Add WebAssembly SIMD128 implementation and Node.JS support #825

easyaspi314 · 2023-03-14T16:25:20Z

Support WebAssembly SIMD128 via the NEON path
- The Emscripten SDK includes the SIMDeverywhere polyfill for <arm_neon.h>
- Since SIMD128 seems to be designed after a subset of NEON, the double width NEON path maps 1:1 and gets full speed with few modifications
  - Note: XXH3_NEON_LANES != 8 IS BAD since SIMDe scalarizes half vectors
- On v8, about 2x faster than scalar on AArch64, 3-4x faster on x86_64
- Firefox seems to be slightly faster on x86, slightly slower on aarch64
Adds a few fixes for compiling with Node.JS (make NODE_JS=1)
- Requires linking nodefs and noderawfs to access local files
- Hook into node.js directly using inline JavaScript to access tty.isatty() from Node instead of the broken isatty() in libc (which always returns 1 for stdin/stdout/stderr)
Add wasm/asmjs to the welcome message
Remove emcc output files on make clean
Add basic CI tests for both WASM and asm.js (the latter of which is painfully slow lol)
Also since I needed to modify XXH3_scrambleAcc_neon, I found a stupidly obvious optimization to standard NEON.

Due to the fact that WebAssembly is JIT-compiled and that JavaScript timer precision is limited due to Spectre, the results may vary.

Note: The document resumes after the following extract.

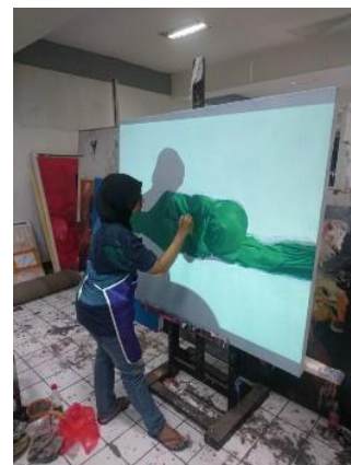
Gambar 3. Proses Melukis
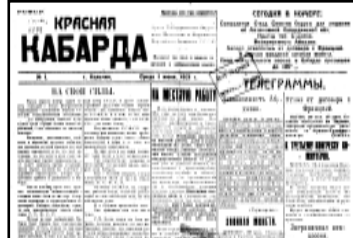
Первый печатный орган. 1921 г.

NEON gets almost native speed on v8, but x86_64 does not mainly due to the instruction sets not exactly matching up. Firefox's aarch64 JIT seems to be considerably slower when it comes to WASM.

xxhsum -b on an AArch64 Google Tensor G1 (Cortex-X1 @ 2.80 GHz):

Browser/engine	Scalar XXH3_64b	Scalar XXH128	WASM128 XXH3_64B	WASM128 XXH128
Node 18.13 / v8 10.2.154 (termux)	8421.7 MB/s	8161.7 MB/s	16485.4 MB/s	16355.0 MB/s
Firefox Nightly for Android 112.0a1	7850.5 MB/s	7870.8 MB/s	6148.4 MB/s	5861.7 MB/s

x86_64 (with AVX2) Core i7-8650U @ 2.11 GHz (turbo 4.20 GHz):

Browser/engine	Scalar XXH3_64b	Scalar XXH128	WASM128 XXH3_64B	WASM128 XXH128
Node 18.14 / v8 10.2.154 (mingw64)	3605.8 MB/s	3473.8 MB/s	9658.2 MB/s	11535.5 MB/s
Firefox for Windows 110.0.1	6406.9 MB/s	6004.3 MB/s	9249.1 MB/s	9288.8 MB/s

(Not sure why XXH128 is that much faster on x86 but not ARM. Maybe code alignment memes?).

Cyan4973 · 2023-03-14T16:41:36Z

The added source code is pretty clean, this is easy to review.

It seems you want to test it a little longer ?
In which case, could you make this PR "draft", so I don't wonder if it needs to be merged now or later ?

easyaspi314 · 2023-03-14T21:25:42Z

So apparently marking it as a draft cancels CI tests...

easyaspi314 · 2023-03-14T22:04:47Z

Ok I think I figured everything out. I want to add various versions of the Emscripten SDK to the matrix but that isn't a huge priority. I mostly want to test the recent node.js versions.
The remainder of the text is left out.